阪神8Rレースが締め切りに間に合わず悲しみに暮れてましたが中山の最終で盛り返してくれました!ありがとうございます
☆ ☆ ☆
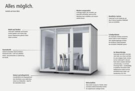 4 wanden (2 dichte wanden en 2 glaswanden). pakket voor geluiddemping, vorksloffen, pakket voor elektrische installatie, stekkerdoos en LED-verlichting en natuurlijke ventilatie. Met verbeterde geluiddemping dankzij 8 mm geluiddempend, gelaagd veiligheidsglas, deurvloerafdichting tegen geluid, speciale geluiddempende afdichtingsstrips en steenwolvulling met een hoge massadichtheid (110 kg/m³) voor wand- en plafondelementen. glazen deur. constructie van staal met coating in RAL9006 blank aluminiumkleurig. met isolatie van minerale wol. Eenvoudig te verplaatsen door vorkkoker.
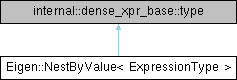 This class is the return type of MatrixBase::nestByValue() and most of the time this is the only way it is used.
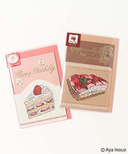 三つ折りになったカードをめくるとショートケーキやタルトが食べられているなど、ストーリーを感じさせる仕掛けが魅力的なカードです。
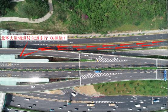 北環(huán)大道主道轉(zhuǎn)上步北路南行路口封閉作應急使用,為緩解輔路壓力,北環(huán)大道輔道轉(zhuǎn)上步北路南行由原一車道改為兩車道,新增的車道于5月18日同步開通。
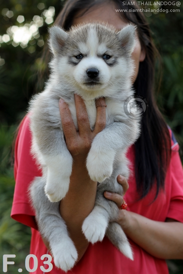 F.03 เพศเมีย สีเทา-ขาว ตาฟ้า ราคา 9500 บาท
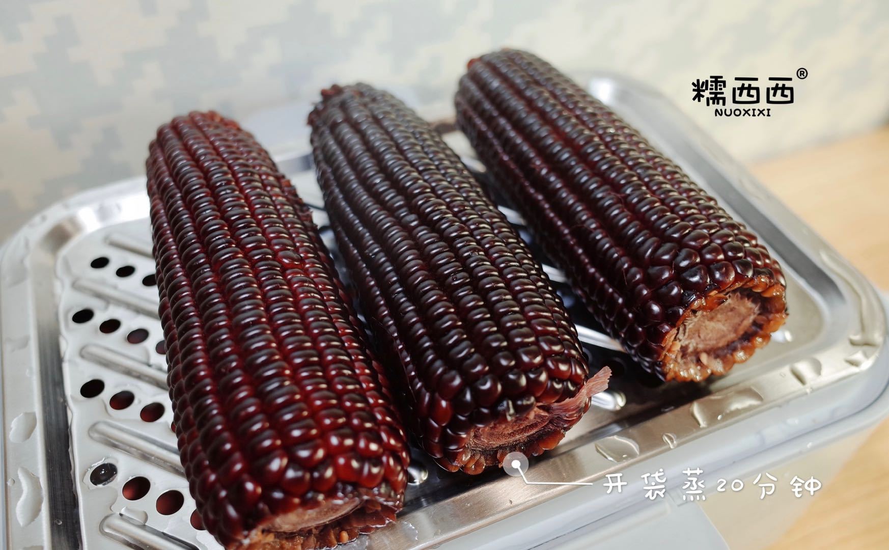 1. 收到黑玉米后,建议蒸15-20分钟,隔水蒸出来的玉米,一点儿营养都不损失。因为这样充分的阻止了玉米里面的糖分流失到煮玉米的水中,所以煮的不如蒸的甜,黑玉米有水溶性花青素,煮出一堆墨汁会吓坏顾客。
☆ ☆ ☆
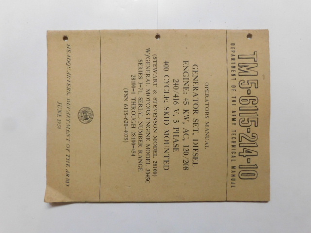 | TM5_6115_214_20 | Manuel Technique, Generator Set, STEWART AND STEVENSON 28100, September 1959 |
☆ ☆ ☆
§ Directions for this task: Please output, exactly as written, the lines above from the one holding "三つ折りになったカードをめく" through the one holding "1. 收到黑玉米后,建议蒸1", both included, with the pictures omitted.

§ Output of the exercise:
 三つ折りになったカードをめくるとショートケーキやタルトが食べられているなど、ストーリーを感じさせる仕掛けが魅力的なカードです。
 北環(huán)大道主道轉(zhuǎn)上步北路南行路口封閉作應急使用,為緩解輔路壓力,北環(huán)大道輔道轉(zhuǎn)上步北路南行由原一車道改為兩車道,新增的車道于5月18日同步開通。
 F.03 เพศเมีย สีเทา-ขาว ตาฟ้า ราคา 9500 บาท
 1. 收到黑玉米后,建议蒸15-20分钟,隔水蒸出来的玉米,一点儿营养都不损失。因为这样充分的阻止了玉米里面的糖分流失到煮玉米的水中,所以煮的不如蒸的甜,黑玉米有水溶性花青素,煮出一堆墨汁会吓坏顾客。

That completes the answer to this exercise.